Again, wrong. Superman and Power Girl working together used their heat vision to seal a hole between dimensions where Maaldor's power exploding created a big bang and a new universe. He didn't do anything to the Big Bang itself, he just closed up the dimension between it and the universe they were in to prevent the energy from seeping through. I should mention that Superman and Power Girl together were no match for Maaldor, whose total power was enough to create a universe. Z has at least that much power going by powerscaling.

3. T-Vo

As previously mentioned, Supes didn't have this Pre-Crisis

4. Superman survived the OE Pre-Crisis

I've read almost all of the Pre-Crisis Darkseid stories, and I don't remember this. Post one scan of this happening (when Darkseid was actually trying to kill him). The main reason Pre-Crisis Darkseid was usually considered to be more powerful than his Post-Crisis self was the fact that he slapped Superman around and treated him like a bug instead of losing him.
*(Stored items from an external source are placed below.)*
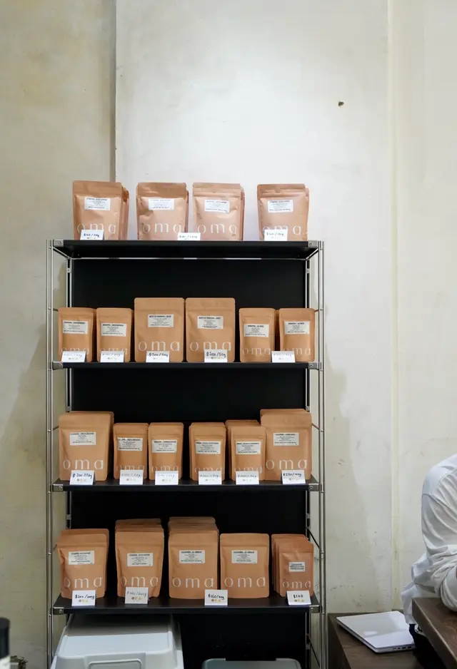 作为手冲爱好者,遇上主打自家烘焙的店,一般都要多看几眼。而Oma更是名副其实的手冲大户,点单时咖啡师直接抱了一堆豆子在台面上铺开让我选。
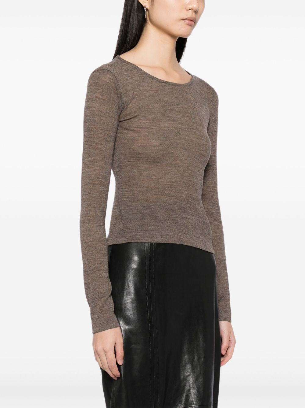wool T-shirt Highlights - Coffee brown - Crew neck - Long sleeves Made in Italy Composition Wool 100% SIZE & FIT Model measurements Height 5 ft 10 in(1.77 m) Bust/Chest 31.49 in(80 cm) Hips 35.43 in(90 cm) Waist 25.19 in(64 cm) FittingInformation Designed for a slim fit that sits just away from the body offering a close yet comfortable fit Made with a lightweight knit, this piece offers some stretch
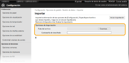 Los datos de opciones del equipo pueden guardarse en su ordenador (exportación). Los datos guardados en su ordenador también se pueden registrar en el equipo (importación). Los datos exportados desde este equipo se pueden importar en otro equipo del mimo modelo. Así, podrá copiar fácilmente varios datos de opciones en múltiples equipos. Para utilizar esas características, tiene que haber iniciado una sesión en el modo de Administrador del sistema.
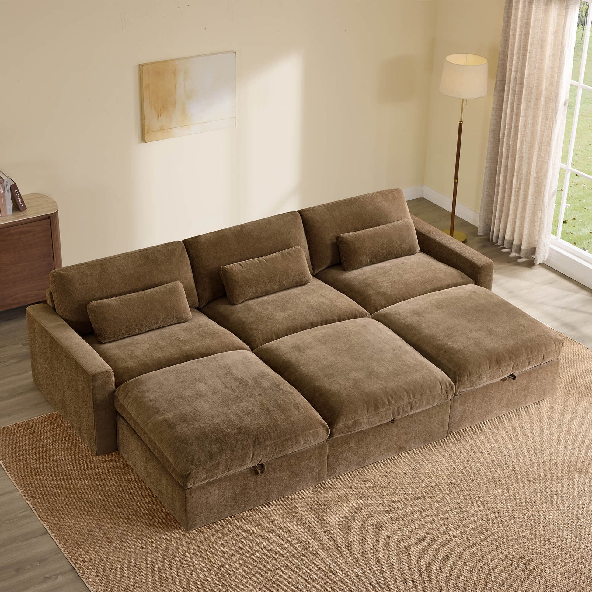 Ivy 6-Seat Performance Fabric Bed Modular Sectional Sofa with Storage Ottoman
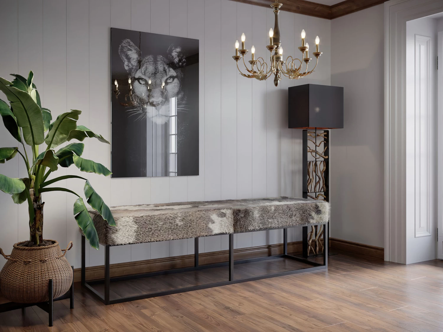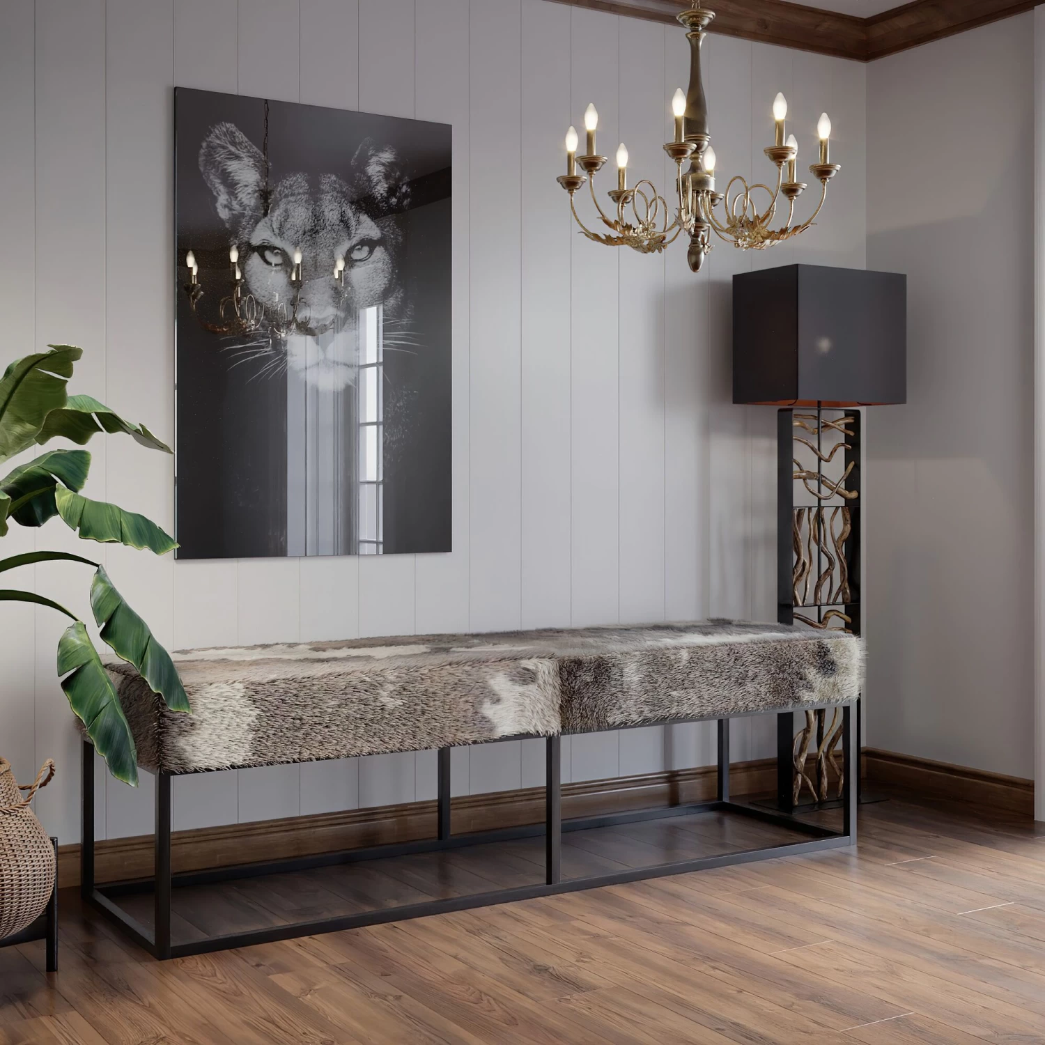 - Rechteckige Sitzbank mit schwarzem Stahlgestell und einem Bezug aus echtem Ziegenfell – jeder Polsterbank ist ein Unikat

5. FC Darkseid was multiversal and PC Darkseid was stronger.

Wrong. It was stated that Final Crisis Darkseid was his true form and all of his previous appearances (including Pre-Crisis, COIE didn't canonically effect the New Gods) were just weaker incarnations.

6. Supes can speedblitz Z before Z gets his LHWs up

As mentioned previously, Z and Tenchi's LHWs are automatic and activate exactly when they are needed. Only the LHWs on Jurai ships need to be manually raised (and even so there is a weaker "sub-LHW" that is almost always up)



Kage no Yume said:


> Considering that Tokimi agreed with Z, and then had to use an alternate route to protect Tenchi (she was going to move Tenchi instead of stop Z), *and* considering that after two of the Choushin clashed a mere flinch from either of them could have caused the accidental shattering of the universe, no, it was not hyperbole.



In addition, it was stated Fuku (who was basically a weaker version of Ryo-Ohki) had as much power as a small universe, and Z easily stopped Ryo-Ohki's attack with 1 hand and sliced her in half. Also Zinv merged two universes and survived it using only 2 LHWs.

As for the actual fight, if we compare stats the only advantage PC Supes has is speed.

They both can travel through time at will and access alternate universes/dimensions, but Z also has matter manipulation, which has proven effective against PC Kryptonians. Teleportation and time travel would at least be enough to land a hit.


----------



## randomsurfer (May 15, 2009)

What is up with travelling faster than the speed of light?
Even if this is possible in the DC comic world, it might not be possible in the tenchi muyo world so could depend on which world the battle takes place.


----------



## Hellspawn28 (May 15, 2009)

> Because the Spectre said he was going to fly into heaven and see things that mortals/lesser beings were not allowed to see.



I forgot about that moment. I recall that Superman at his full power hit him in the face and was not even hurt at all. Maybe Superboy Prime would be a better choice against Z since Superboy got hit by a second big bang and was not even hurt.


----------



## Endless Mike (May 15, 2009)

randomsurfer said:


> What is up with travelling faster than the speed of light?
> Even if this is possible in the DC comic world, it might not be possible in the tenchi muyo world so could depend on which world the battle takes place.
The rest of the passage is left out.